The Foothills of the Canadian Rocky Mountains are a classic example of a thin-skinned fold-thrust belt. A regionally significant detachment in the shales of the Jurassic Fernie Formation separates the intensely folded and imbricated clastics of the Jurassic and Cretaceous from the thrust structures in the prospective dolomite reservoirs of the Triassic and upper Paleozoic.

The Monkman area lies within the foothills of northeastern British Columbia and contains a number of fields that produce sour gas from the platform carbonates of the Upper Triassic Pardonet and Baldonnel Formations. The current phase of drilling commenced in 1987 and has been remarkably successful, with numerous gas discoveries made at a 75% success rate. The area is topographically difficult and structurally complex, with a number of detachments that compartmentalize the deformation within distinct tectonostratigraphic units. The acquisition, processing, and interpretation of seismic data in this area is technically difficult and requires careful analysis to yield good results. The integration of the seismic, well, and surface-geology data is essential for the accurate definition of subsurface targets.

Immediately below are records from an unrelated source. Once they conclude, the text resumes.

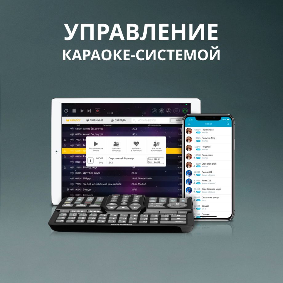 Приложение позволяет управлять клубными системами EVOBOX Club, Evolution Pro2 и домашними караоке-системами.
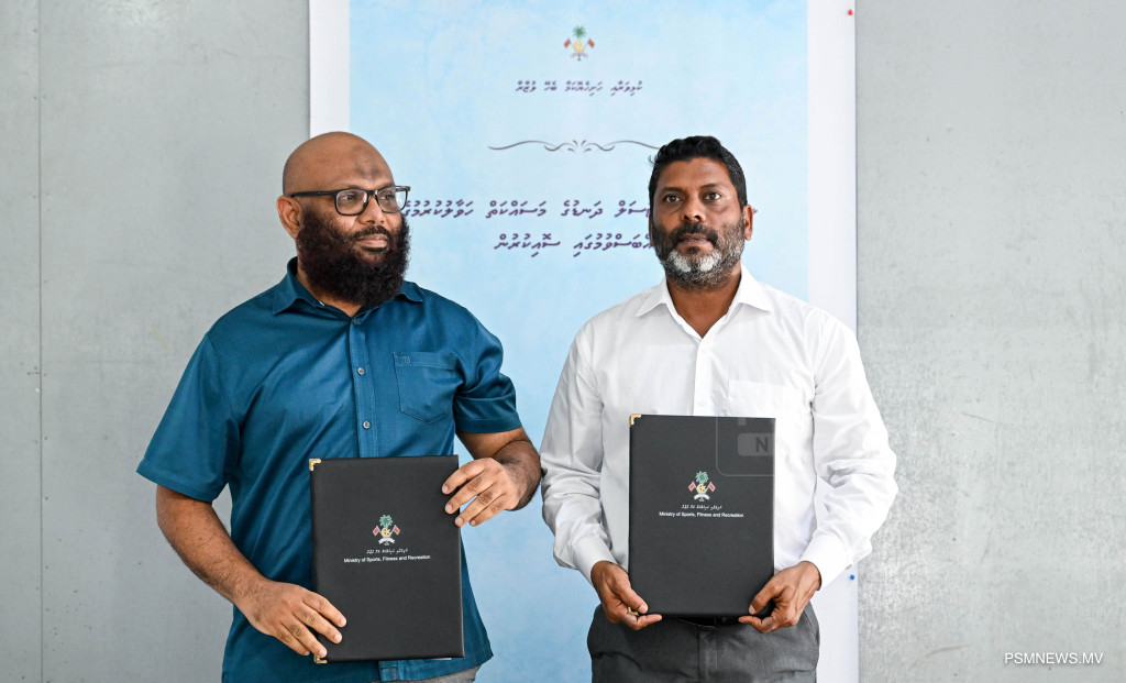 ޅ. އޮޅުވެލިފުށީގައި އިމާރާތްކުރާ ފުޓްސަލް ދަނޑު މަސައްކަތް ހަވާލުކުރުމުގެ އެއްބަސްވުމުގައި ކުޅިވަރާއި ހަށިހެޔޮކަމާ ބެހޭ ވަޒީރު ޢަބްދުﷲ ރާފިޢު (ކ) އަދި ޕްރޮކްސީ ގުރޫޕްގެ މެނޭޖިންގ ޑިރެކްޓަރ އަޙްމަދު ޝާހިދު ސޮއި ކުރެއްވުމަށްފަހު / ފޮޓޯ - ރައީސް އޮފީސް
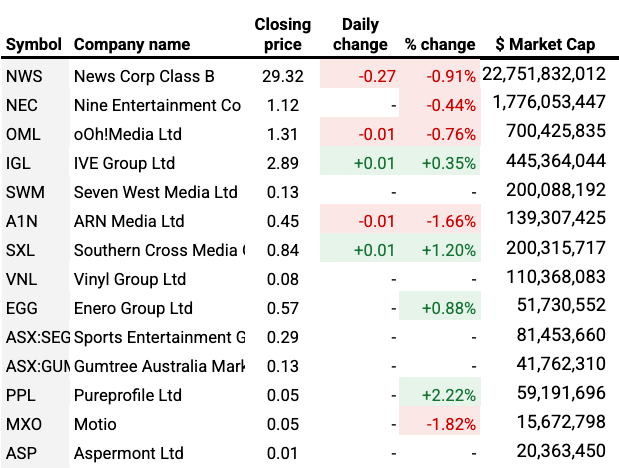 Southern Cross Austereo’s 1.2% improvement lifted it back above the $200m market capitalisation threshold, and took it back above SWM’s valuation.
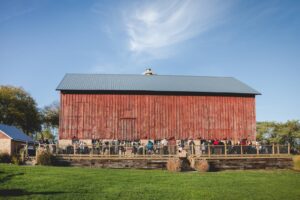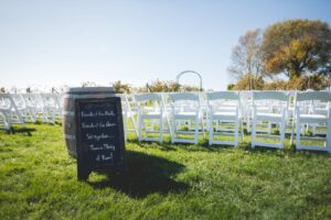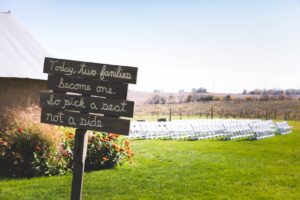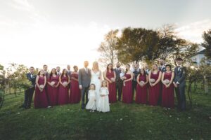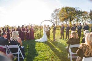 Paige and Vincent’s outdoor ceremony in the vineyard at Over the Vines, was picture perfect with beautiful sunny skies on a Fall October day. Complete with a charming and true Wisconsin rustic barn wedding reception with tall ceilings and sparkling chandeliers as guests dined beneath with a feast from Wisconsin wedding caterer, Gaylord Catering. Adorned with DIY details like the eco-friendly floral centerpieces, and an escort card display made of barn wood doors, it’s the type of celebration you’re bound to love with The Wedding Flashers sharing it all right here!
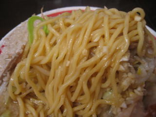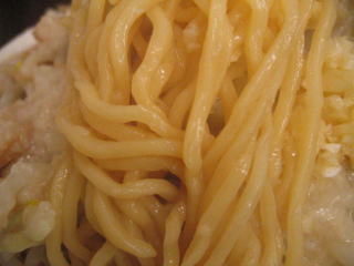 麺は二郎系の平打ち麺ではなく、丸めのコシがしっかりとした中太麺です。

The traps are primarily fault-propagation and detachment folds that detach in the shale-dominated Lower Triassic. The structural style has been interpreted from stratigraphic data, VSP data, and detailed dip data provided by imaging tools. Fracturing is pervasive in the hinges and forelimbs of the folds, and it enhances the tight reservoir to yield typical flow rates of 40 million cubic feet of gas per day (mmcfg/d). The key to success in the play is to target these zones of the folds. However, this is not always successful initially, because the original wellbores often miss the structures. The case studies we present show how revised structural models that incorporate data from the original wellbores increase the chance of success in sidetracking a well into the preferred target area.